忠勇侯得知消息后,一点不想进宫,他想陪太子一起去大魏。

但他很清楚,手握兵权的他是不可能离开大渊去大魏的。

满腔憋苦,陪着皇帝灌了几坛子酒后,直接抱着皇帝嘤嘤喊爹,哭得好不凄惨。

“他这是什么毛病?”

皇帝从起初的震惊,到后面的惊吓,“快,快,将他拉走,拉走。
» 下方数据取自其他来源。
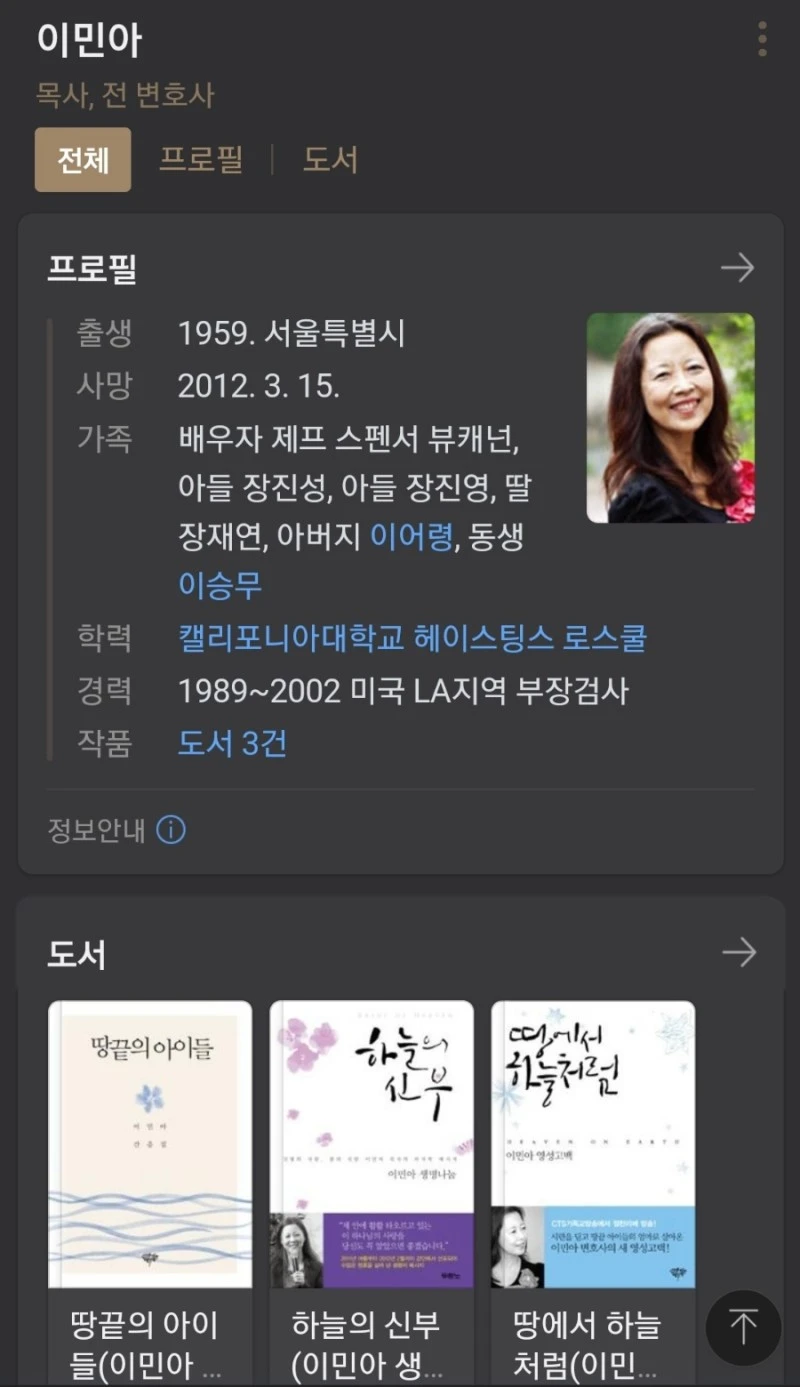 (이민아 목사는 이어령 전 문화부 장관의 딸, 김한길 전 국회의원과의 결혼과 이혼, 암 발병, 애지중지하던 큰 아들을 잃은 사연 등으로 세간의 눈길을 끌었던 분으로 저는 이분이 돌아가시기 전부터 <땅끝의 아이들> 책을 읽고 참 좋아하게 됐지요.)

”

他还没被五大三粗的大男人抱过,实在瘆得慌,何况对方还喊他爹。

爹他奶奶个腿。

他有太子宁王那么好的儿子,要这老帮菜做儿子。

没想到,忠勇侯酒后力气大得很,陈伴君带着几个太监压根拉不动。

忠勇侯一把压在皇帝的腿上,呜呜道,“爹,我知道你心里也苦得很,要不你也哭一哭,哭出来心里就好多了……”

皇帝,“……”

大男人哭什么哭,不害臊。

忠勇侯,“爹你是不是不会,我教你,嘴一瘪,眼一眨,老帮菜啊,心里苦啊,无人诉啊,泪儿流啊,爹呀爹呀,儿心苦啊……”

悲惨凄婉的哭了一段,他擦了把泪,看着皇帝。

“爹,你咋不哭?我跟你说,说男儿有泪不轻弹的都是在放屁,同样都是人,凭什么男儿就不能哭,你哭吧,哭完你就不苦了,男人哭吧哭吧不是罪……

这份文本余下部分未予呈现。